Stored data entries
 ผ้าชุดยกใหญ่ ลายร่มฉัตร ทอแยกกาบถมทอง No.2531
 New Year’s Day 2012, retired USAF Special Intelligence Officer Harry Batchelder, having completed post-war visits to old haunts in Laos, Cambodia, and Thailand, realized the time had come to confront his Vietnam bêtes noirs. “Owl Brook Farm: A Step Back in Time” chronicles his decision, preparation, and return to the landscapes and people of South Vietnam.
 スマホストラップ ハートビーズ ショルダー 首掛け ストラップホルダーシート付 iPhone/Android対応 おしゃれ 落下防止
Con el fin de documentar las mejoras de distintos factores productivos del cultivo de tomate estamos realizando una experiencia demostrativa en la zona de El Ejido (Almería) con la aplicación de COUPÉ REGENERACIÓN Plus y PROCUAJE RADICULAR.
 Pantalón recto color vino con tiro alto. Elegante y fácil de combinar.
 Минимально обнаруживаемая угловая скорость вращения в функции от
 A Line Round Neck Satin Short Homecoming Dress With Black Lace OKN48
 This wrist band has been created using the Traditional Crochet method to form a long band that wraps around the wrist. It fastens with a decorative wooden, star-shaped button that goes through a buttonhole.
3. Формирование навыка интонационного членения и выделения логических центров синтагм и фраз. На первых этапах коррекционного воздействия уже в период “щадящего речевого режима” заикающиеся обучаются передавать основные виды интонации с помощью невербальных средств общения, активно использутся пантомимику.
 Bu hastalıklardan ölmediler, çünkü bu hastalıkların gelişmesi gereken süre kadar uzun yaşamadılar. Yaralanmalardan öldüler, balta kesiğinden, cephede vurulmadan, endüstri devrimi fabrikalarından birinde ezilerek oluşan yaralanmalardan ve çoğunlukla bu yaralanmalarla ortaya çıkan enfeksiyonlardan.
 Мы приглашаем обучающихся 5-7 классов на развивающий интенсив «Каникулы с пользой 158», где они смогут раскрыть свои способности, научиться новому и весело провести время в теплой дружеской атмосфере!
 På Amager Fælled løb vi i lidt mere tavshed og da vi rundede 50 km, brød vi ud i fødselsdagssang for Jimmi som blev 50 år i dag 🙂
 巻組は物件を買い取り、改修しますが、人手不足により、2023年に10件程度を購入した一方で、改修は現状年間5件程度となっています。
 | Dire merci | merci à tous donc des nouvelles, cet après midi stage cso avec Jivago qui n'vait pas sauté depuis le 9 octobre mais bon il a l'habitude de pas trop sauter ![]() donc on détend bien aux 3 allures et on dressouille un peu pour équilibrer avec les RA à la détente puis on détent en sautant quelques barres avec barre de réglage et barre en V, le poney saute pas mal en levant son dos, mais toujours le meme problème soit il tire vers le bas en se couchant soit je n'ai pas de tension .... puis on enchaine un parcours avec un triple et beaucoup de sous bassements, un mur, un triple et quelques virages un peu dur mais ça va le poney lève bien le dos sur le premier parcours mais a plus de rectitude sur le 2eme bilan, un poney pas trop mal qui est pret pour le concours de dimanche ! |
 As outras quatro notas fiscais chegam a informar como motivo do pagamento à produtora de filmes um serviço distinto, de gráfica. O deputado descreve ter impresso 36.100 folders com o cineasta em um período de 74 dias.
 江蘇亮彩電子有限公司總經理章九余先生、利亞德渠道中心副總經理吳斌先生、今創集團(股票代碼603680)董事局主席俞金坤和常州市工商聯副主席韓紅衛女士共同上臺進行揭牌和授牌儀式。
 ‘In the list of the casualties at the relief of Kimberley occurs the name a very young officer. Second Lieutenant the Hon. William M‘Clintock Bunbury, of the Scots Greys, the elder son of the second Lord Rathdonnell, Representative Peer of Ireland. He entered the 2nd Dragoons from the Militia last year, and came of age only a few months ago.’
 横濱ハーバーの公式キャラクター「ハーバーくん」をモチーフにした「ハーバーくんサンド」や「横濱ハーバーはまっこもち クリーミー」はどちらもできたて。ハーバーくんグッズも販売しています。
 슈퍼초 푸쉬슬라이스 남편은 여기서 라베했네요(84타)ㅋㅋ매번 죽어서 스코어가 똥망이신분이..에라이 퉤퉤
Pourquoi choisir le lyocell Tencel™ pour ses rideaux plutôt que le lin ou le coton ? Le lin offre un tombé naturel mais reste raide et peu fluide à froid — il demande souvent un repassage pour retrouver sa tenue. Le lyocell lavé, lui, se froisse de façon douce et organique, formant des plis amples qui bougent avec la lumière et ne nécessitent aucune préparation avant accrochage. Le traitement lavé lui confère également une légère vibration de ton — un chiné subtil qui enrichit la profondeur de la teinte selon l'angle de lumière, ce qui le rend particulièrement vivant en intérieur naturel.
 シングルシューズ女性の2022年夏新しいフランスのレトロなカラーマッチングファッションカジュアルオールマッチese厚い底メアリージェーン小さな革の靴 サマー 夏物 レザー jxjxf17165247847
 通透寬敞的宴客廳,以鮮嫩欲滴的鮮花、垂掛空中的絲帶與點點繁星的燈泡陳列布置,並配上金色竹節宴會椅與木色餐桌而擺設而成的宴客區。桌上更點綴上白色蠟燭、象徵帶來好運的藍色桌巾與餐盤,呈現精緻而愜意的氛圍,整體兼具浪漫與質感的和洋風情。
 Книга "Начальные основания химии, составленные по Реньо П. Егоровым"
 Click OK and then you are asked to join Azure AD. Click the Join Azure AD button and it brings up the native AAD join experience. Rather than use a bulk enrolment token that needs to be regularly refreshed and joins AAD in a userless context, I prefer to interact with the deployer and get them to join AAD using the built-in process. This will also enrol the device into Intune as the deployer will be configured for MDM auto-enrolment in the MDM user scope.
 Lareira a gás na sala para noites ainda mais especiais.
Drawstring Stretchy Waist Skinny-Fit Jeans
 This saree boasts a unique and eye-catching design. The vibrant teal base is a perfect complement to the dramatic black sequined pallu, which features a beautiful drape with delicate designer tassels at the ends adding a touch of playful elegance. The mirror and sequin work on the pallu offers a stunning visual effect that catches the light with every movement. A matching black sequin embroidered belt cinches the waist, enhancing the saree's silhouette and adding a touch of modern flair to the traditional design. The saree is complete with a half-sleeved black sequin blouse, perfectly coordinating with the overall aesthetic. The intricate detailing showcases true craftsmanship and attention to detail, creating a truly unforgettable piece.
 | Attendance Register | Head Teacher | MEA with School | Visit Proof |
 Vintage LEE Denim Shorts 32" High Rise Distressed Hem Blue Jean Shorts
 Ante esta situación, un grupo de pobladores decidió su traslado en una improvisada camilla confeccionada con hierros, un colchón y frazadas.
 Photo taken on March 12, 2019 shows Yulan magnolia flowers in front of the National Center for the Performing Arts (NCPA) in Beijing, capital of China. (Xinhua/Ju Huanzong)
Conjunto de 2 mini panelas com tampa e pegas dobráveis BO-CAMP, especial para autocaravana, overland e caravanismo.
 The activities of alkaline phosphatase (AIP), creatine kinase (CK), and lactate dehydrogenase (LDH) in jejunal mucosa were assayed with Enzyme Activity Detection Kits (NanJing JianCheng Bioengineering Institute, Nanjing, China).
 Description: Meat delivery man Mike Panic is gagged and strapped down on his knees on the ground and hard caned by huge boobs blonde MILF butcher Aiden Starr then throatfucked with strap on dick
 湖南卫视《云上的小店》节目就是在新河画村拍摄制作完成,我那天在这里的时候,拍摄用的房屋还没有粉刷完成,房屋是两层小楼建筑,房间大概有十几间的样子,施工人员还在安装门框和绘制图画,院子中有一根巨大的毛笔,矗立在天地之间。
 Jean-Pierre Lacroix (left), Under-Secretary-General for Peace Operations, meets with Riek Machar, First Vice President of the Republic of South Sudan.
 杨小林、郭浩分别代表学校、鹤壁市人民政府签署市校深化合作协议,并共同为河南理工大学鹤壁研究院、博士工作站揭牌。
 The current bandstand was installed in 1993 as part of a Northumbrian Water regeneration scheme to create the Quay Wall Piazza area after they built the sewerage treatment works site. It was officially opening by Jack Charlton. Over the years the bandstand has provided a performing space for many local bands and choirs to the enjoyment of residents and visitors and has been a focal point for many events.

YOUR OBJECTIVE
Up to and including the line that holds "3. Формирование навыка", reproduce the records above exactly from their first line, and give nothing else.

RESPONSE
 ผ้าชุดยกใหญ่ ลายร่มฉัตร ทอแยกกาบถมทอง No.2531
 New Year’s Day 2012, retired USAF Special Intelligence Officer Harry Batchelder, having completed post-war visits to old haunts in Laos, Cambodia, and Thailand, realized the time had come to confront his Vietnam bêtes noirs. “Owl Brook Farm: A Step Back in Time” chronicles his decision, preparation, and return to the landscapes and people of South Vietnam.
 スマホストラップ ハートビーズ ショルダー 首掛け ストラップホルダーシート付 iPhone/Android対応 おしゃれ 落下防止
Con el fin de documentar las mejoras de distintos factores productivos del cultivo de tomate estamos realizando una experiencia demostrativa en la zona de El Ejido (Almería) con la aplicación de COUPÉ REGENERACIÓN Plus y PROCUAJE RADICULAR.
 Pantalón recto color vino con tiro alto. Elegante y fácil de combinar.
 Минимально обнаруживаемая угловая скорость вращения в функции от
 A Line Round Neck Satin Short Homecoming Dress With Black Lace OKN48
 This wrist band has been created using the Traditional Crochet method to form a long band that wraps around the wrist. It fastens with a decorative wooden, star-shaped button that goes through a buttonhole.
3. Формирование навыка интонационного членения и выделения логических центров синтагм и фраз. На первых этапах коррекционного воздействия уже в период “щадящего речевого режима” заикающиеся обучаются передавать основные виды интонации с помощью невербальных средств общения, активно использутся пантомимику.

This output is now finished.